Planning and other permissions

The existence of consent from the planning, or other authority for a use which the title condition prevents, is seen by the Tribunal as a relatively neutral factor.  Their concern is with private rights created by contract, whereas the planning system deals with the public interest. Under the old regime it was frequently the case that the existence of a planning consent for a different use would be regarded as persuasive by the Tribunal, although this could be regarded as no more than accepting that such use would be reasonable from the viewpoint of the public.

Willingness to pay Compensation

The Tribunal expresses a little puzzlement as to what role willingness on the part of the owner of the burdened property to pay compensation is supposed to play in their assessment of all of the factors. It suggests that it may be assumed in every case that an applicant would be prepared to pay compensation, and they would not necessarily expect this to be raised as an issue in the application. If however it was apparent to the Tribunal that a party was objecting to the proposed discharge of a title condition purely to obtain some monetary gain, then this could be taken into account by the Tribunal.
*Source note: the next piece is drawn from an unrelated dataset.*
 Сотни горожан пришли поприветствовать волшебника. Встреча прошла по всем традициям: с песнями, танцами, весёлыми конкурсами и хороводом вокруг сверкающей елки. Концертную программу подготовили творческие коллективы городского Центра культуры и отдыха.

New purpose under compulsory acquisition arrangements

The Act provides for parties whose land may be acquired by compulsory purchase to reach agreement with the acquiring authority to convey the land, instead of going through the CPO procedure. Where this will result in burdens affecting the land being extinguished, the owner of the land has to notify the benefited proprietor, who then has the right to apply to have the conditions preserved. In such cases the Tribunal can consider the purpose for which the land is being acquired among the factors in reaching its decision.

Any other material factor

The Tribunal must take into account any other factors which they regard as material to the individual circumstances of the case. They were able to do this under the previous law, and it gives them a general discretion as to what other factors they can consider. They make a point of saying, however, that purely personal interests do not fall into this category, and they will give no weight to personal matters.
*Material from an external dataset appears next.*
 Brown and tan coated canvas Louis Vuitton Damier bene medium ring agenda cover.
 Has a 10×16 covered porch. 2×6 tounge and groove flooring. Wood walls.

A reasonable approach overall

The Tribunal sees the list of factors provided in the Act as helpful in allowing applicants to identify the type of factors that are likely to be regarded as significant by the Tribunal, but its general discretion means that the range of factors it may regard as relevant to any particular case is not confined to the list.  Overall the Tribunal requires to assess reasonableness, and it expects that while decisions will still involve a degree of discretion, its approach under the new regime can be expected to be considerably more straightforward. Comparison with decisions in previous cases is likely to give way to evaluating and analysing the facts and circumstances of each case.